**WHAT IS BEING ASKED:** The material below has pictures in it. Set down only the lines from the line containing "UGREEN Ethernet Cable" through the line containing "(PLVN) - Nhằm", word for word, and leave the pictures behind.

**DATA UNDER STUDY:**
----------------
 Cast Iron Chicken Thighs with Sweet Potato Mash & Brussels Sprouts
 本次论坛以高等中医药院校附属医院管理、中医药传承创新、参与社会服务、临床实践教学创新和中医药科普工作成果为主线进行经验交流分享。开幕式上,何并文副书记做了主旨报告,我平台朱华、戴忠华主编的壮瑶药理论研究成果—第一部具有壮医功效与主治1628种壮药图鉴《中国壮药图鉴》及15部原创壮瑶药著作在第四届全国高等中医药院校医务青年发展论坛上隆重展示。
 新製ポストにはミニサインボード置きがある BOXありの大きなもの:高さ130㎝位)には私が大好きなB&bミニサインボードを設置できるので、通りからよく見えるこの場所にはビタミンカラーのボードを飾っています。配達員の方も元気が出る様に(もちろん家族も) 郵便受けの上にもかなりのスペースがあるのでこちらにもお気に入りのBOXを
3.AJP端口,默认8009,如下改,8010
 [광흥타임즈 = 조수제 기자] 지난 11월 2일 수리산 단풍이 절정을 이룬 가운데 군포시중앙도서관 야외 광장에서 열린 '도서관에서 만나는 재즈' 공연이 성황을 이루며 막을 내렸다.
----------------
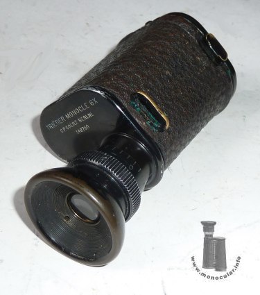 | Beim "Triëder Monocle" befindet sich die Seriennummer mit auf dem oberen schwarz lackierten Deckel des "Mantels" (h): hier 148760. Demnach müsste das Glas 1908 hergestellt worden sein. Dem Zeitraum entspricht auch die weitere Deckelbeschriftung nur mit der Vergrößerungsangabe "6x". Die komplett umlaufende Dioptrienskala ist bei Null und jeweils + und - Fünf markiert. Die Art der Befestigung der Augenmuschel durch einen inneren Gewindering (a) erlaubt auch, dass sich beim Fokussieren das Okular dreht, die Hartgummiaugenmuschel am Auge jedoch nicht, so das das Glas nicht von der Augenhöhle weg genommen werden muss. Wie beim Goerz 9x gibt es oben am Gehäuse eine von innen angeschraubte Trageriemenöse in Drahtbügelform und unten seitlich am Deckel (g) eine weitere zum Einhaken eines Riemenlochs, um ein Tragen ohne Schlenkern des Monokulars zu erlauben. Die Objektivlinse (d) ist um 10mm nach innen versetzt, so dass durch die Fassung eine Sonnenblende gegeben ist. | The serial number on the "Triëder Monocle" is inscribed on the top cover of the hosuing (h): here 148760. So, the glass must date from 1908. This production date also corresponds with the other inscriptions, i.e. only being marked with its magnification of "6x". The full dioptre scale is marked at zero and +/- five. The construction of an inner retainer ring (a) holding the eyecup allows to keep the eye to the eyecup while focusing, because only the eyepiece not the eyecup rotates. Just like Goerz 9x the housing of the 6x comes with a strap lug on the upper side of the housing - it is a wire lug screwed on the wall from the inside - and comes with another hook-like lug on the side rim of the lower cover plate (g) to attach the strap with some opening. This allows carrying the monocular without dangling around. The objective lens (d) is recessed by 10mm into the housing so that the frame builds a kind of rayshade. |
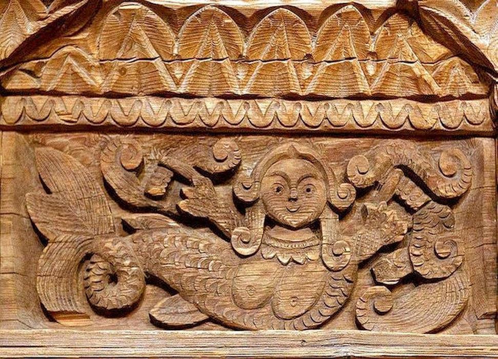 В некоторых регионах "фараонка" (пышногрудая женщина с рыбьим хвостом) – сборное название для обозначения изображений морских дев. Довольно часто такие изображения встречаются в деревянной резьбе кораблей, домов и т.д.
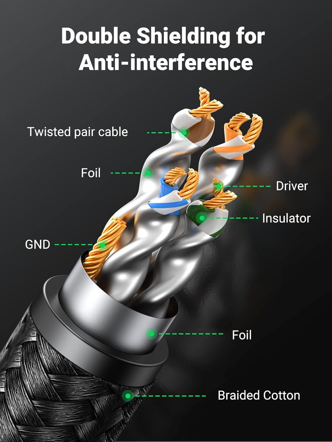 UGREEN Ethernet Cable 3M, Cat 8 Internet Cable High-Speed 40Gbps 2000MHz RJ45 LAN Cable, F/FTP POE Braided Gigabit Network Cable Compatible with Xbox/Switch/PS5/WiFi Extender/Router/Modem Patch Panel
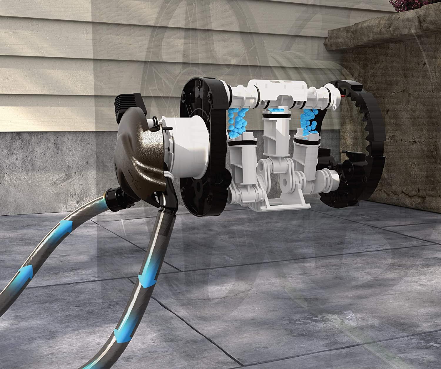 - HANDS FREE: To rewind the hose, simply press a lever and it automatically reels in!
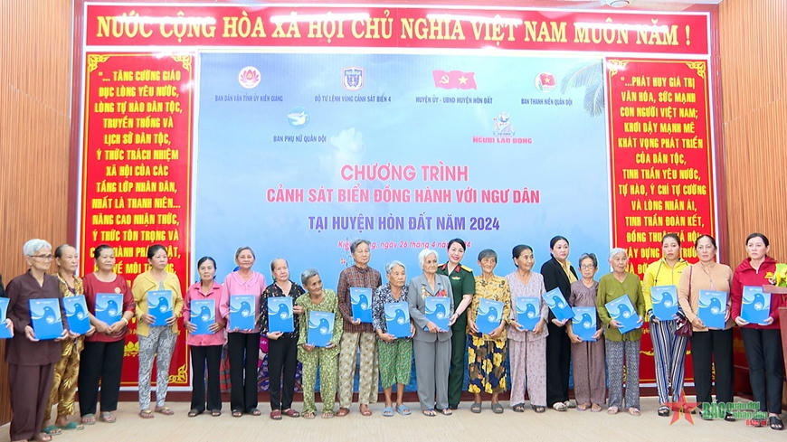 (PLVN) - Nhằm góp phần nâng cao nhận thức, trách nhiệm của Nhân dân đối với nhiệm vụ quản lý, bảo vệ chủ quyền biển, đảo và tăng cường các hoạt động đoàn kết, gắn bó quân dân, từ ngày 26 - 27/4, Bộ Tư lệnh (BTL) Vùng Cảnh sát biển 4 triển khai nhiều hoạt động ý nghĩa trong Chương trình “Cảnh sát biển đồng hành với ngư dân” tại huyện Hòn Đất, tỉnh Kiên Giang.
----------------
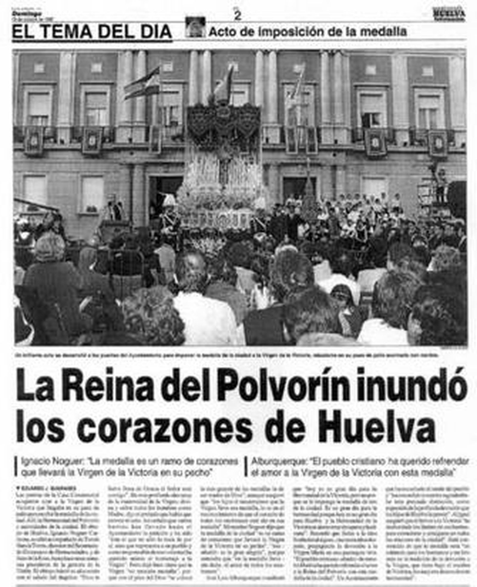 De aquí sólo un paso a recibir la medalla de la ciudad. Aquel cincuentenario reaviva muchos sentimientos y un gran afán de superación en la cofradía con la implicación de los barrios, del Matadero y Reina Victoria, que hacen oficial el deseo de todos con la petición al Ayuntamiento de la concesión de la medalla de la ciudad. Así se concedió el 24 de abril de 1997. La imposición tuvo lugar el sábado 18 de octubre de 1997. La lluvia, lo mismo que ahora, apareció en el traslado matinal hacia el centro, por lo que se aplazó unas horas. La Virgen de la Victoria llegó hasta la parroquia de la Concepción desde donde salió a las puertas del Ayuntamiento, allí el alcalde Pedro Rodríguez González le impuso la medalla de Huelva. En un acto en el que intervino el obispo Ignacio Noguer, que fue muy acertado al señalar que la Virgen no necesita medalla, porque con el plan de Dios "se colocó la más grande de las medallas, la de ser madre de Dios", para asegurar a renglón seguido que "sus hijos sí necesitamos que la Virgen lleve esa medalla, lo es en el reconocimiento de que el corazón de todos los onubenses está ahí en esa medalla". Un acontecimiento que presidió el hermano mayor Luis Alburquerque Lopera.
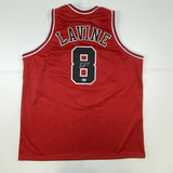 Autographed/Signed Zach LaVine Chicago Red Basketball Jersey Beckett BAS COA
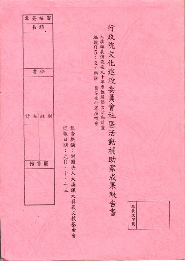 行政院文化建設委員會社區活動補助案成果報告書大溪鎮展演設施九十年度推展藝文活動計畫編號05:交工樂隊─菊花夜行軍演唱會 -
----------------
**EXERCISE ANSWER:**
 UGREEN Ethernet Cable 3M, Cat 8 Internet Cable High-Speed 40Gbps 2000MHz RJ45 LAN Cable, F/FTP POE Braided Gigabit Network Cable Compatible with Xbox/Switch/PS5/WiFi Extender/Router/Modem Patch Panel
 - HANDS FREE: To rewind the hose, simply press a lever and it automatically reels in!
 (PLVN) - Nhằm góp phần nâng cao nhận thức, trách nhiệm của Nhân dân đối với nhiệm vụ quản lý, bảo vệ chủ quyền biển, đảo và tăng cường các hoạt động đoàn kết, gắn bó quân dân, từ ngày 26 - 27/4, Bộ Tư lệnh (BTL) Vùng Cảnh sát biển 4 triển khai nhiều hoạt động ý nghĩa trong Chương trình “Cảnh sát biển đồng hành với ngư dân” tại huyện Hòn Đất, tỉnh Kiên Giang.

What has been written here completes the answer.